A package for extracting metadata from Croatian text.

0.0.2 2016-06-16 11:13 UTC

This package is not auto-updated.

Last update: 2024-04-13 16:51:18 UTC


README

#CroNLP

Build Status

CroNLP is a package used for extracting metadata from Croatian text. Currently it supports basic keyword extraction and summarization implemented using the TF-IDF algorithm.

🔵 This package is stable, but the algorithm may produce subpar results since it is still in development stages. Feel free to submit a merge request if you can improve upon any part ot the package. :) 🔵

Test application to check the algorithm results.

Installation

Installation is a two step process, and it does involve a bit of implementation on your side, but nothing complex.

Composer

As with any other composer package installation can be done by either running
composer require thewildhorse\cronlp
or by including the package in your composer.json file.

"require": { 
	... 
    "thewildhorse/cronlp": "dev-master"   
}
    

Dataset Adapter

The key part of this package is the dataset, without it the script can not function at all.
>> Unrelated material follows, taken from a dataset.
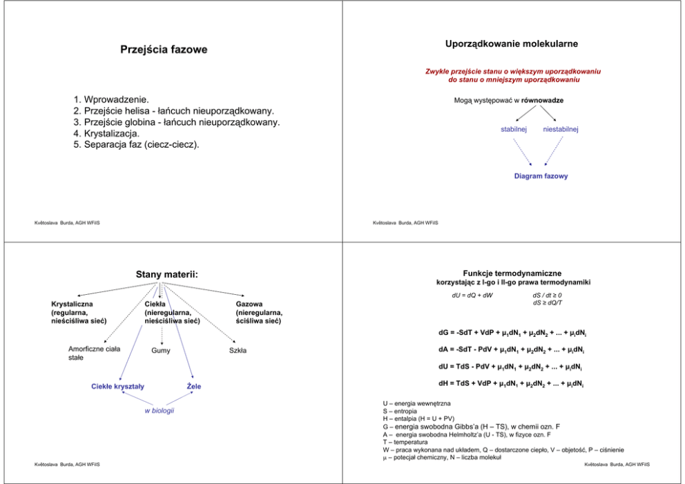 Uporządkowanie molekularne Przejścia fazowe Zwykle przejście stanu o większym uporządkowaniu do stanu o mniejszym uporządkowaniu 1. Wprowadzenie. 2. Przejście helisa - łańcuch nieuporządkowany. 3. Przejście globina - łańcuch nieuporządkowany. 4. Krystalizacja. 5. Separacja faz (ciecz-ciecz). Mogą występować w równowadze stabilnej niestabilnej Diagram fazowy Květoslava Burda, AGH WFiIS Květoslava Burda, AGH WFiIS Stany materii: Funkcje termodynamiczne korzystając z I-go i II-go prawa termodynamiki dU = dQ + dW Krystaliczna (regularna, nieściśliwa sieć) Ciekła (nieregularna, nieściśliwa sieć) Gazowa (nieregularna, ściśliwa sieć) dS / dt ≥ 0 dS ≥ dQ/T dG = -SdT + VdP + µ1dN1 + µ2dN2 + ... + µidNi Amorficzne ciała stałe Gumy Szkła dA = -SdT - PdV + µ1dN1 + µ2dN2 + ... + µidNi dU = TdS - PdV + µ1dN1 + µ2dN2 + ... + µidNi Ciekłe kryształy Żele w biologii Květoslava Burda, AGH WFiIS dH = TdS + VdP + µ1dN1 + µ2dN2 + ... + µidNi U – energia wewnętrzna S – entropia H – entalpia (H = U + PV) G – energia swobodna Gibbs’a (H – TS), w chemii ozn. F A – energia swobodna Helmholtz’a (U - TS), w fizyce ozn. F T – temperatura W – praca wykonana nad układem, Q – dostarczone ciepło, V – objetość, P – ciśnienie µ – potecjał chemiczny, N – liczba molekuł Květoslava Burda, AGH WFiIS Przejście fazowe pierwszego rodzaju (rzędu), gdy nieciągła pierwsza pochodna energii swobodnej (istnienie ciepła ukrytego !). Przejścia: ciało stałe / ciecz / gaz. Przejście fazowe ciągłe (np.drugiego rodzaju) (rzędu), gdy nieciągła druga (3-cia, 4-ta pochodna) pochodna energii swobodnej (klasyfikacja Ehrenfesta, nie ma ciepła ukrytego ! ). Przejścia: ferromagnetyczne i nadciekłe, występowanie punktów krytycznych. Przykłady ciągłych przejść fazowych : A ρ (ciecz) − ρ ( gaz ) = B(TC − T ) β Przejścia fazowe nieskończonego rzędu, np. kwantowe przejścia fazowe w dwuwymiarowym gazie elektronowym. Np. Cv – ciepło właściwe H 1-wszego rzędu Dla układu gaz – ciecz parametr gęstości zmienia się z charakterystyczną temperaturą krytyczną: Fluktuacje gęstości mogą być oszacowane ilościowo względem parametru ściśliwości (κ): ciągłe H κ =− ∆H 1 ⎛ ∂V ⎞ −ν ⎜ ⎟ = E (T − Tc ) V ⎝ ∂P ⎠ dla T > Tc (E-stała) CV ~ (T-Tc)-α – zależy od rzędu przejścia i symetrii Tc Cv T Tc Cv B T Napięcie powierzchniowe (γ) pomiędzy dwoma fazami ciekłymi dąży do zera w punkcie krytycznym temperatury, chociaż szerokość interfejsu oddziaływania rośnie nieskończenie: ⎛ T⎞ γ = γ 0 ⎜⎜1 − ⎟⎟ ⎝ Tc ⎠ α = -0.013±0.003 dla nadciekłego przejścia α ~ +0.110 dla ferromagnetycznego 3D Tc T Tc T Květoslava Burda, AGH WFiIS Funkcja stanu F opisuje równowagę fazową przy niezależnie zmieniających się parametrach. Np. dla idealnego gazu zależy od czterech parametrów : F(V, n, P, T) = 0 Równanie to przyjmuje postać prawa Van der Waalsa (R- stała gazowa): PV −1 = 0 nRT µ γc – średnie napięcie powierzchniowe Květoslava Burda, AGH WFiIS Parametr uporządkowania 0 dla układu nieuporządkowanego Skończona wartość dla układu uporządkowanego Zmiana parametru uporządkowania względem temperatury wskazuje na charakter przejścia. W układach biologicznych, uwzględnia on gęstość próbki, objętość próbki, stopień orientacji molekularnej. Różne źródła ciągłych przejść fazowych: Tylko trzy parametry niezależne są potrzebne do opisu gazu idealnego. Reguła fazowa Gibbs’a (użyteczna dla wieloskładnikowych układów koloidalnych): - skończone rozmiary (małe micele lipidowe i ich koncemtracja krytyczna) - układy nieejdnorodne (zanieczyszczenia poszerzają przejście fazowe) - czasy równowagi są długie w porównaniu z czasem obserwacji (przejścia w polimerach) f+p=c+2 f – liczba niezależnych zmiennych p – liczba współistniejących faz c – liczba składowych Květoslava Burda, AGH WFiIS Květoslava Burda, AGH WFiIS Przejście helisa – łańcuch nieuporządkowany (węglowodany, białka, kwasy nukleinowe) Funkcja partycji (Z) dla przejścia helisa – łańcuch nieuporządkowany: n Z = 1 + ∑ Ω kσs k Zmiany temperatury, roztworu, jego pH, itp. k =1 Liczba permutacji Ωk wynosi: n - k+1 Model Zippera k jednostek s – stała równowagi dla tworzenia się nowej helisy na końcu już istniejącej krok propagacji h – sekwencja helisalna c– sekwencja nieuporządkowana σ – stała równowagi tworzenia się nowej helisy na ruchomym łańcuchu c krok nukleacji s= ...cchhhhcc... ...cchhhccc... σ= ...cchcc... ...ccccc... n jednostek Energia swobodna: F / kT = -lnZ Prawdopodobieństwo znalezienia stanu o energii Ei: Wartości średnie: Květoslava Burda, AGH WFiIS Frakcja helikalna (θ): Ωk – liczba sposobów pojawienia się k - jednostek helisalnych w łańcuchu n - jednostkowym Ei = ∑ ρ ( Ei ) Ei = ∑e Květoslava Burda, AGH WFiIS θ= Model Zipper’a przewiduje: k n − Ei / kT ρ ( Ei ) = e − Ei / kT Z Ei Z Zimm-Bragg (Ising) model – uwzględnia fluktuacje długich łąńcuchów białkowych θ= 1 ∂ ln Z n ∂ ln s Dodatnia zmiana energii swobodnej (∆f) - preferowane fragmenty helisy (uporządkowanie) Zgodność modelu Zipper’a dla krótkich łąńcuchów polipeptydowych. s ≡ exp(− ∆f / T ) σ ≡ exp(−2∆f s / T ) Uwaga: Problem dla długich łańcuchów, kiedy ważne są fluktuacje. ∆f – zmiana energii swobodnej przy zmianie kolejnej jednostki łańcucha na helisę ∆fs – zmiana energii swobodnej przy zmianie nowej jednostki łańcucha na helisę W biopolimerach naturalnie występujących σ jest rzędu 10-3 – 10-4. σ=1 - brak kooperatywności σ << 1 – silna kooperatywność Květoslava Burda, AGH WFiIS Zimm and Bragg(1959) J.Chem.Phys.31,526 Květoslava Burda, AGH WFiIS Model Zimma-Bragga uwzględnia wiązania wodorowe konieczne do tworzenia struktur helikalnych i dobrze oddaje

This dataset can be found in vendor/thewildhorse/cronlp/data in a form of two database export files. Those two exports need to be imported into your database of choice. (or a caching engine if you need blazing fast performance)
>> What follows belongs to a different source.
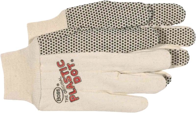 10 oz., 100 percent cotton canvas with plastic dots on palm, index finger, and thumb. Clute-cut design, natural knit wrist.
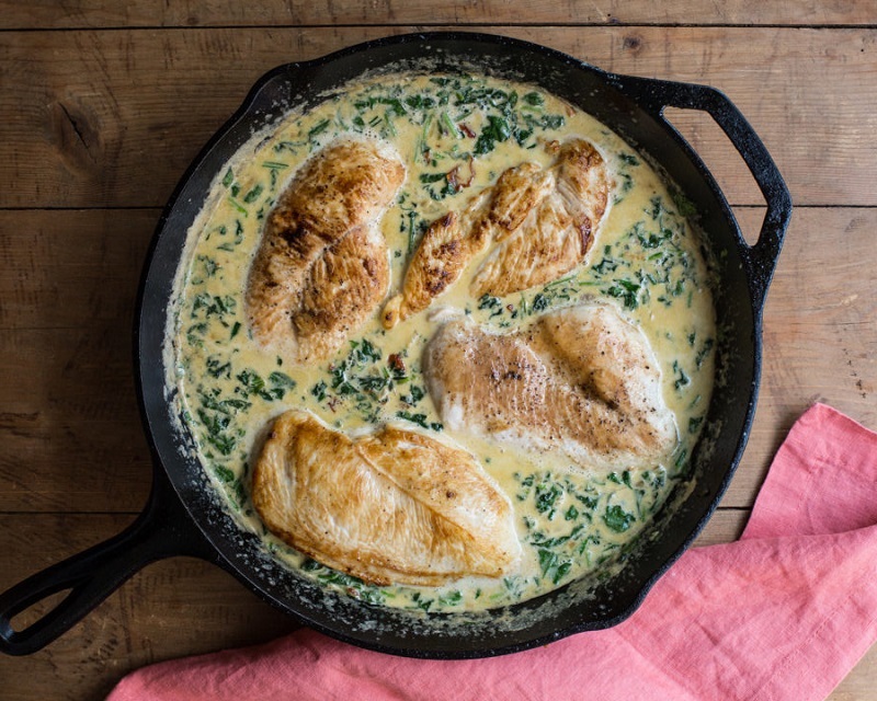 | Ингредиенты: 4 ломтика толстого разрезанного бекона 1 чашка нарезанного лука 250 гр. нарезанных грибов, любого вида соль и свежий молотый перец по вкусу 1 столовая ложка оливкового масла 700 гр. без костей без кожицы куриных бедрышек (около 6 штук) 4 чашки грубо нарезанного свежего шпината 1 стакан сливок 1/2 чашки куриного бульона 1 чашка измельченной моцарелла | Приготовление: 1. Нагрейте большую чугунную сковородку, на среднем огне и приготовьте бекон до хрустящей корочки, около 4 минут с каждой стороны. Переложите на тарелку, выровненную бумажными полотенцами и полейтье 2 чайными ложками сала. 2. Верните кастрюлю на среднюю температуру и обжарьте лук и грибы до золотистого цвета, около 7 минут. Приправьте солью и перцем и удалите их на блюдо. 3. Верните сковородку еще раз на среднюю температуру, добавьте оливковое масло и обжарьте куриные бедра в течение приблизительно 8 минут с каждой стороны, пока они не станут хорошо обжарены, но не совсем приготовлены. Выньте их на блюдо рядом с запеченными грибами и луком. 4. Возвращаем на огонь сковороду и добавляем шпинат. Обжарьте в течение 2 минут, пока шпинат не завянет, затем добавьте сливки и бульон и доведите до кипения. Приправьте солью и перцем, вмешайте сыр и продолжайте помешивать, пока сыр не расплавится. 5. Пока шпинат готовится, нарежьте приготовленный бекон. Размешайте бекон вместе с приготовленными грибами и луком в соусе. Засуньте куриные бедра в кипящий соус и продолжайте готовить на среднем огне до тех пор, пока курица не будет приготовлена, еще около 5 минут. Подавать с кастрюли. |

The dataset contains two tables:

  • word_variations - Contains a map of Croatian word terms linked to their lemmas. (thanks to FFZG)
  • word_frequency - Document frequency map containing a amount of documents a lemma has been mentioned in. For the supplied datased we used 706134 Croatian online news articles. This table is a document frequency table in the terms of TFIDF algorithm.
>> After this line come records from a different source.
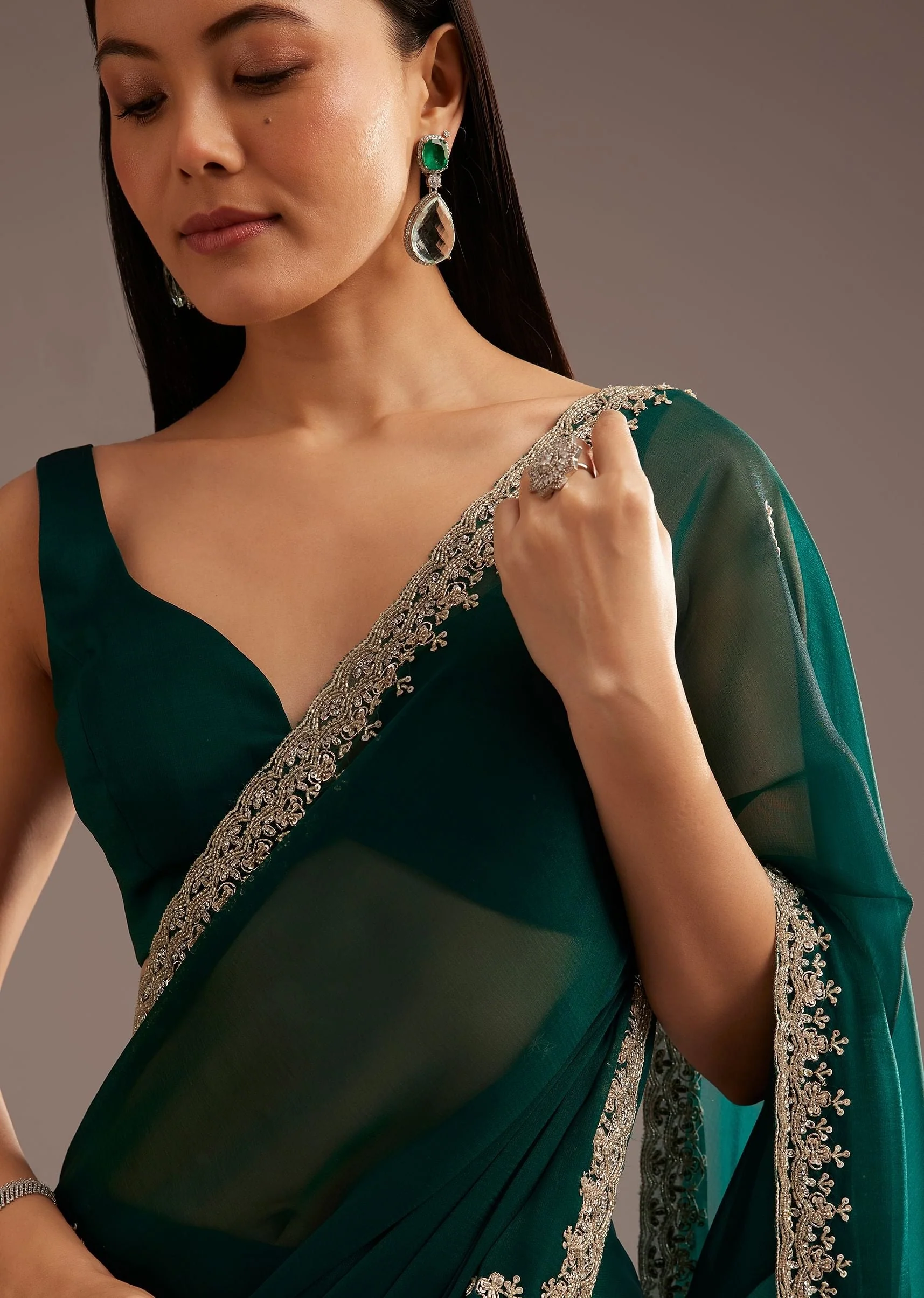 Add A Touch Of Glamour With This Green Organza Saree Delicately Embroidered With Cutdana And Sequins On The Border And Pallu. Its Shimmering Details Make It An Exquisite Choice For Special Gatherings And Evening Events.Awarded As The Most Trusted Brand We'Re Delivering Styles You Love Just As Promised.
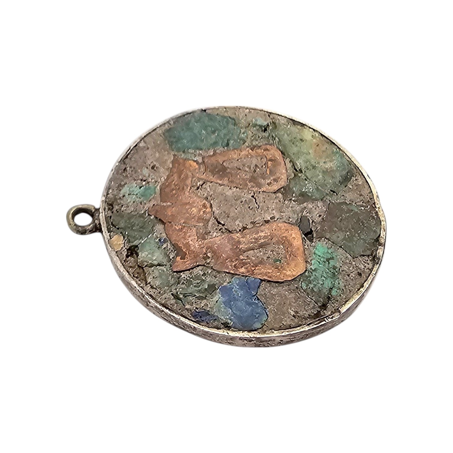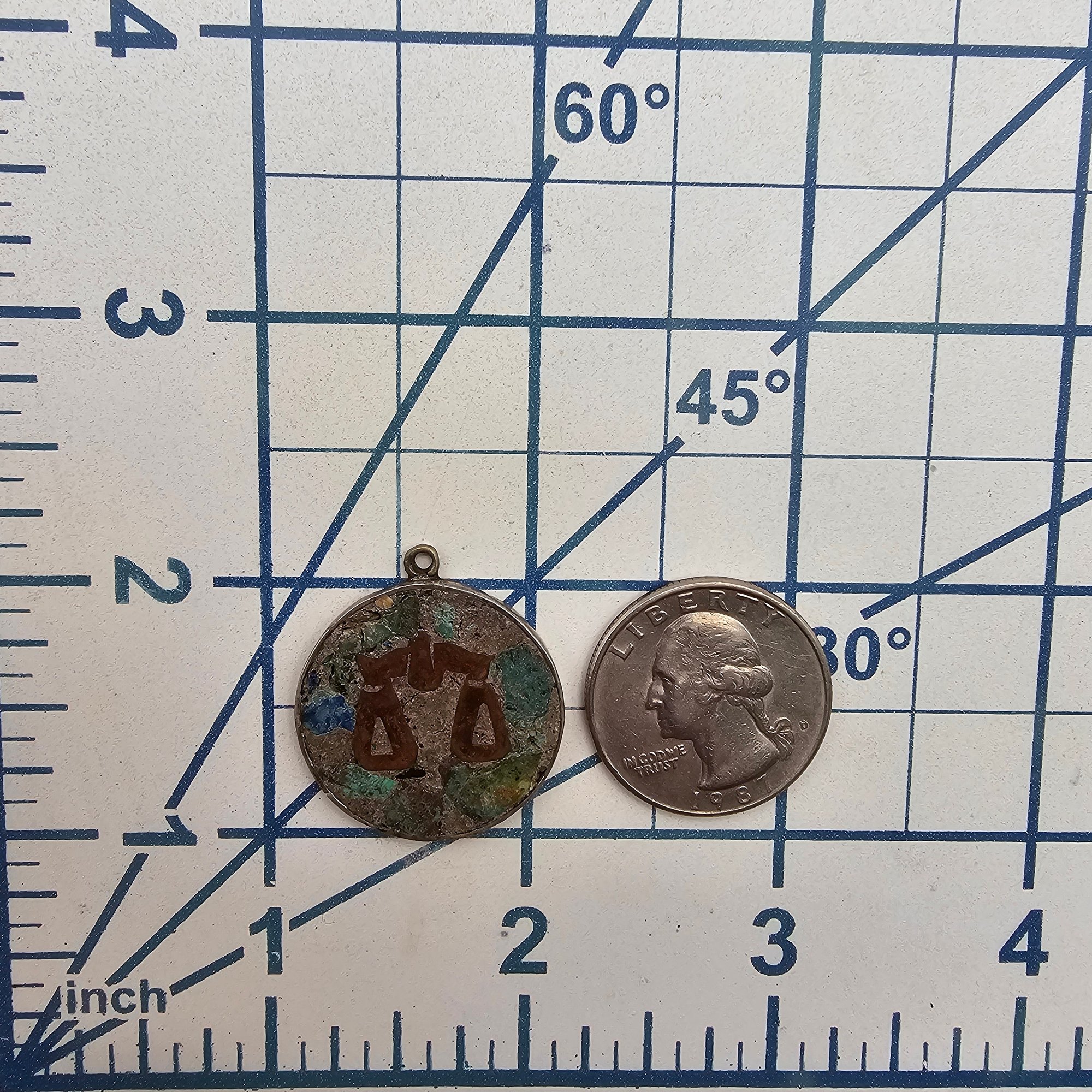 Crushed Turquoise Sterling Silver Copper Libra Zodiac Pendant 4.9 G
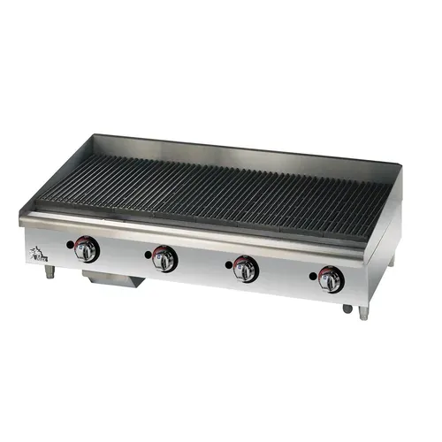 Star-Max radiant and lava rock charbroilers are designed to provide excellent heating and control when preparing a wide variety of products. The units are designed with durability and flexibility in mind with cast iron burners and a control knob for each twelve 12 inch section. The grates have been designed to hold a high capacity of product for maximum efficiency under demanding cooking situations.

CroNLP utilizes a Dataset Adapter to get information from the dataset, this is done to ensure the versatility of the package. The sole purpose of the Dataset Adapter is to provide an interface to the two dataset tables. The Dataset Adapter is a class that implements IgorRinkovec\CroNLP\DatasetAdapters\AbstractDatasetAdapter abstract class. If you use the Laravel framework you can use the already implemented IgorRinkovec\CroNLP\DatasetAdapters\EloquentDatasetAdapter, if you use Doctrine or any other custom ORM, feel free to use it as a reference when implementing your own adapter. It is a pretty straight-forward process.

If you implement a DatasetAdapter for a popular ORM, feel free to contribute it to the project by sending a merge request.

Usage

After you implemented the adapter, the usage is straight-forward:

        $datasetAdapter = new EloquentDatasetAdapter(WordFrequency::class, WordVariation::class);
        $summarizer = new CroNLP($datasetAdapter);
        $summarizedText = $summarizer->summarize($content, $digestPercentage);
        $keywords = $summarizer->extractKeywords($content, $numOfKeywords);

First you have to construct a IgorRinkovec\CroNLP\CroNLP instance with a reference to your DatasetAdapter implementation object. CroNLP class exposes the following methods:

  • summarize($text, $percentageToCondense = 70) - Summarizes the supplied $text to a $percentageToCondense of its original size.
  • extractKeywords($text, $amount = 10) - Extracts the $amount of top ranking keywords in the supplied $text.

Future

  • Refactor the TextProcessorService to remove global variables and split it into several smaller services.
  • Cover the codebase with more unit tests.
  • Regenerate the dataset with a larger document database and try to clean up the results a bit more.
  • Implement a DoctrineDatasetAdapter.